3.2.2. Der vorliegende Fall ist jedoch durch die Besonderheit gekennzeichnet, dass die Kreditzinsen (und offenbar auch Spesen) nach dem Vorbringen der Betreibenden in der Forderungsanmeldung bankintern auf einem anderen Konto des Kreditnehmers verbucht wurden, sodass es nicht verwundern kann, dass die zuletzt vorgelegte Kontoabschrift – übrigens im Einklang mit den mit der Forderungsanmeldung vom 5. März 2019 vorgelegten Kontoabschriften (mit Ausnahme der offenbar irrigen, sogleich stornierten Buchung „Kostenersatz Duplikatsbeleg“ am 6. Oktober 2015) – keine solchen Kontobewegungen aufweist.
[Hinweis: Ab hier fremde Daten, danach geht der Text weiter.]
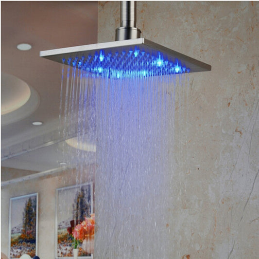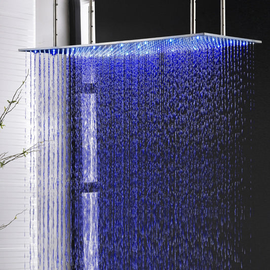 Juno Luxury 20x40 Large Brushed LED Rain Shower Head This flush shower head will change its color by detecting water temperature. Stainless steel with 4 shower arm ceiling mount shower head. Product Information: Name: LED Rainfall Shower HeadWarranty: 1 year of manufacturing warrantyMaterials: Solid BrassPower: Water energy, no need any...
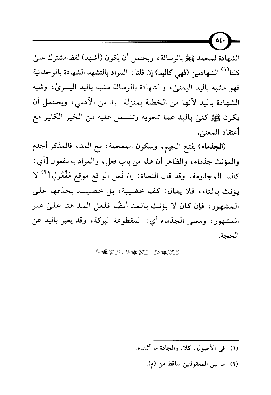 (الجذماء) بفتح الجيم، وسكون المعجمة، مع المد، فالمذكر أجذم والمؤنث جذماء، والظاهر أن هذا من باب فعل، والمراد به مفعول [أي: كاليد المجذومة، وقد قال النحاة: إن فَعل الواقع موقع مَفْعُولٍ] (¬2) لا يؤنث بالتاء، فلا يقال: كف خضيبة، بل خضيب. بحذفها على المشهور، فإن كان لا يؤنث بالمد أيضًا فلعل المد هنا على غير المشهور، ومعنى الجذماء أي: المقطوعة البركة، وقد يعبر باليد عن الحجة.

3.2.3. Die Betreibende hat in ihrer Forderungsanmeldung außerdem erklärt, dass keinerlei Kapitalrückzahlungen durch den Kreditnehmer erfolgt seien. Dieses Vorbringen hat sie auch im Rahmen ihres oben wiedergegebenen Zugeständnisses nicht relativiert. Im Einklang damit ergibt sich aus den ursprünglich vorgelegten Kontoabschriften, dass der Kredit bis zum 10. Dezember 2014 in voller Höhe aushaftete. Vor diesem Hintergrund kann aber das Eingeständnis der Betreibenden, den Kontoverlauf (insbesondere für die Anfangsjahre des Kreditverhältnisses) nicht lückenlos dokumentieren zu können, nicht zur Beurteilung führen, die zuletzt vorgelegte Kontoabschrift sei von vornherein zur Bescheinigung der angemeldeten Forderung ungeeignet.

4. Der Revisionsrekurs muss daher erfolglos bleiben.

Die Kostenentscheidung beruht auf §§ 40, 50 ZPO.